About this exercise: For the records that follow, please set down exactly the lines between the one holding "ともかく、先ずは艦隊から上陸" and the one holding "ケイトスペード キーホルダー katespade", inclusive, and only those.

Material provided:

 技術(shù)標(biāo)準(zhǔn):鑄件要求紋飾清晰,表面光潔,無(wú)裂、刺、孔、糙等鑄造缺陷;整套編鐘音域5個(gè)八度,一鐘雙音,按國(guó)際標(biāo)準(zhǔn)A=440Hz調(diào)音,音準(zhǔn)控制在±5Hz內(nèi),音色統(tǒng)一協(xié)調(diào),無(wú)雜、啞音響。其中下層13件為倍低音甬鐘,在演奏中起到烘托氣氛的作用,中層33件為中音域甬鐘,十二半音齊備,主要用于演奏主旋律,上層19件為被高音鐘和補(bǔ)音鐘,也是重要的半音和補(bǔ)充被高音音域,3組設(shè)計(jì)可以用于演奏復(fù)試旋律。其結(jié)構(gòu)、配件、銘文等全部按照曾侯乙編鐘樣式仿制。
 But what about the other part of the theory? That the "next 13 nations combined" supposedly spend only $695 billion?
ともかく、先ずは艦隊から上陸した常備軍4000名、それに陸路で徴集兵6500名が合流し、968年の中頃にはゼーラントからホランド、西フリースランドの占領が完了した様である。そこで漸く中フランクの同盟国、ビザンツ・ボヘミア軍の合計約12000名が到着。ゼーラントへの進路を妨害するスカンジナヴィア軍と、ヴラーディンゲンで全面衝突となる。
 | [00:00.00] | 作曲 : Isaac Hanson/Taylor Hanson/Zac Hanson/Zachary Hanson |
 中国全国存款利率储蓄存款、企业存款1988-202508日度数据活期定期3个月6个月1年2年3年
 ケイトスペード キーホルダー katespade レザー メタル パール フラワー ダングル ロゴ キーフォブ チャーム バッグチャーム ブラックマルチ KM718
...
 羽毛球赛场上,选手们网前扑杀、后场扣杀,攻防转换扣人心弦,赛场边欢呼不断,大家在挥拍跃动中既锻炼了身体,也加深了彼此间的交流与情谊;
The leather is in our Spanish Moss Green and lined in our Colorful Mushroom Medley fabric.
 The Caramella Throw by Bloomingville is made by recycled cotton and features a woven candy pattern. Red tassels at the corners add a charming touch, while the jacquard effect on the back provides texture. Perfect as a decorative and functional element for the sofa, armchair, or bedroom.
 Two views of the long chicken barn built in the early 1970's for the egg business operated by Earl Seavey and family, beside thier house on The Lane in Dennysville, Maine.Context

Solution to this exercise:
ともかく、先ずは艦隊から上陸した常備軍4000名、それに陸路で徴集兵6500名が合流し、968年の中頃にはゼーラントからホランド、西フリースランドの占領が完了した様である。そこで漸く中フランクの同盟国、ビザンツ・ボヘミア軍の合計約12000名が到着。ゼーラントへの進路を妨害するスカンジナヴィア軍と、ヴラーディンゲンで全面衝突となる。
 | [00:00.00] | 作曲 : Isaac Hanson/Taylor Hanson/Zac Hanson/Zachary Hanson |
 中国全国存款利率储蓄存款、企业存款1988-202508日度数据活期定期3个月6个月1年2年3年
 ケイトスペード キーホルダー katespade レザー メタル パール フラワー ダングル ロゴ キーフォブ チャーム バッグチャーム ブラックマルチ KM718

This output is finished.